Starting with the line that has "Ontario Long Sleeve" and finishing with the line that has "Gedruckt und verlegt", set down each line below exactly. Pictures are not copied.

RECORDS:
——————

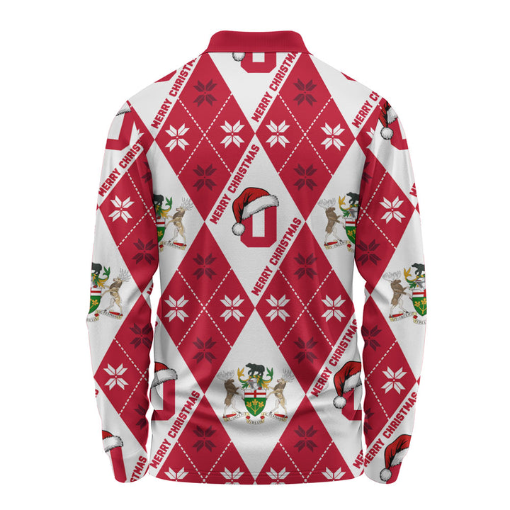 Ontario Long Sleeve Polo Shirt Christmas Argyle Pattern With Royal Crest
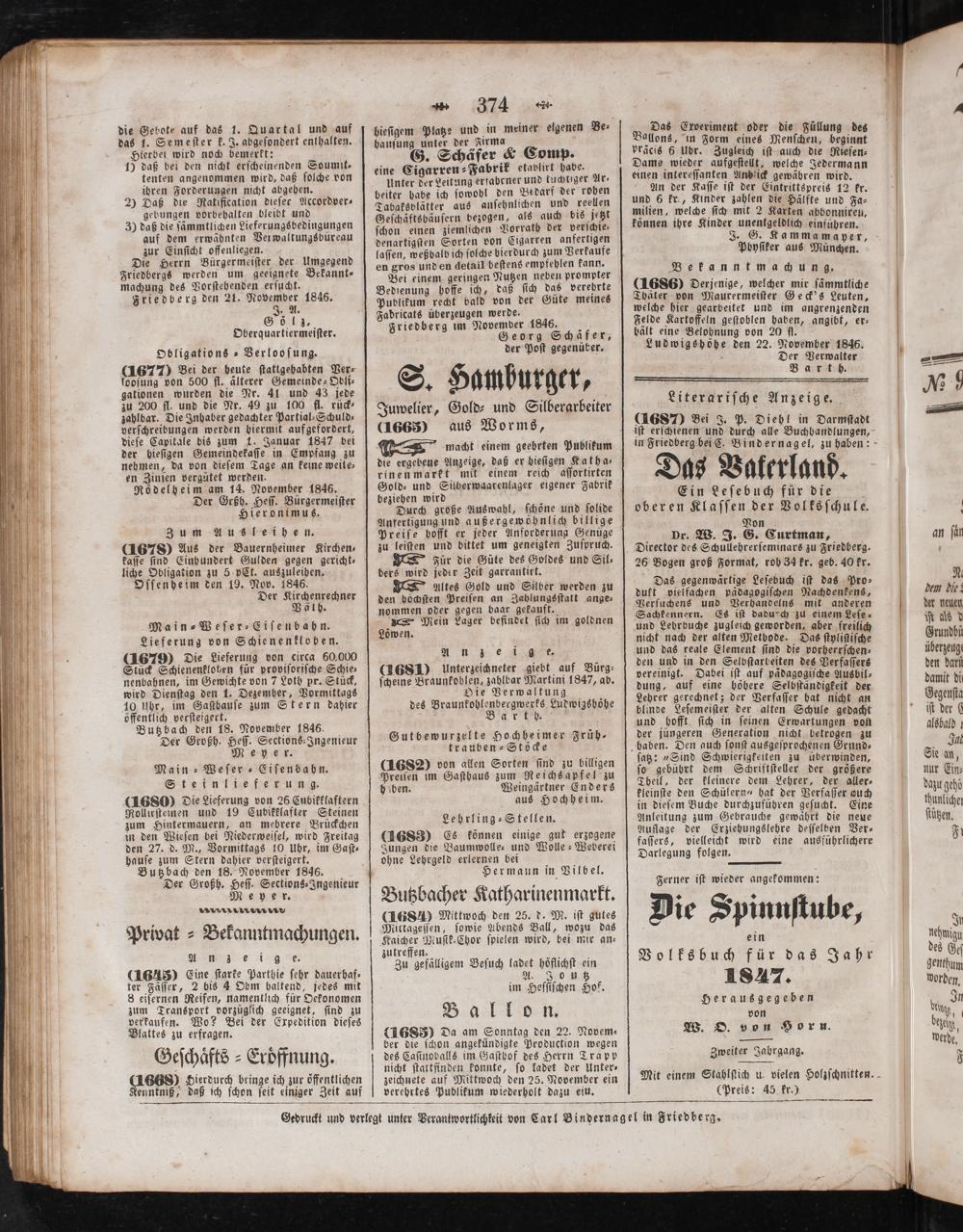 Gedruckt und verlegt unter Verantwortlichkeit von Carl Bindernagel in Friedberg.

——————

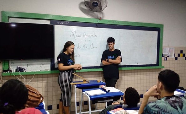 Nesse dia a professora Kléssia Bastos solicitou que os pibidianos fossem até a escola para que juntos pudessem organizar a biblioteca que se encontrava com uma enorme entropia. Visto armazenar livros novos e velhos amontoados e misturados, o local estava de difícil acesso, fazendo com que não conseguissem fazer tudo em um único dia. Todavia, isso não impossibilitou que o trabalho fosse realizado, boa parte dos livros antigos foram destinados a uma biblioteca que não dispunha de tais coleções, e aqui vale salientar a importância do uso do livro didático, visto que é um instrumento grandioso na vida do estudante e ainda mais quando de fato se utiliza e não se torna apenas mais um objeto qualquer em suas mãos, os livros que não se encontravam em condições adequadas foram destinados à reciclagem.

——————

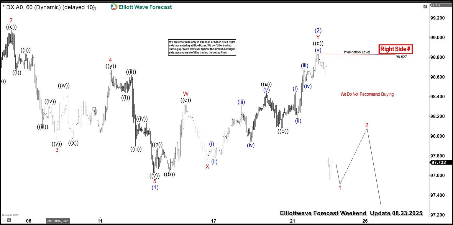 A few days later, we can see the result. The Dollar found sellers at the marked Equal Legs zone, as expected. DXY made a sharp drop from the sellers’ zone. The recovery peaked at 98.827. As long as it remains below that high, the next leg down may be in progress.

——————

ANSWER BOX:
 Ontario Long Sleeve Polo Shirt Christmas Argyle Pattern With Royal Crest
 Gedruckt und verlegt unter Verantwortlichkeit von Carl Bindernagel in Friedberg.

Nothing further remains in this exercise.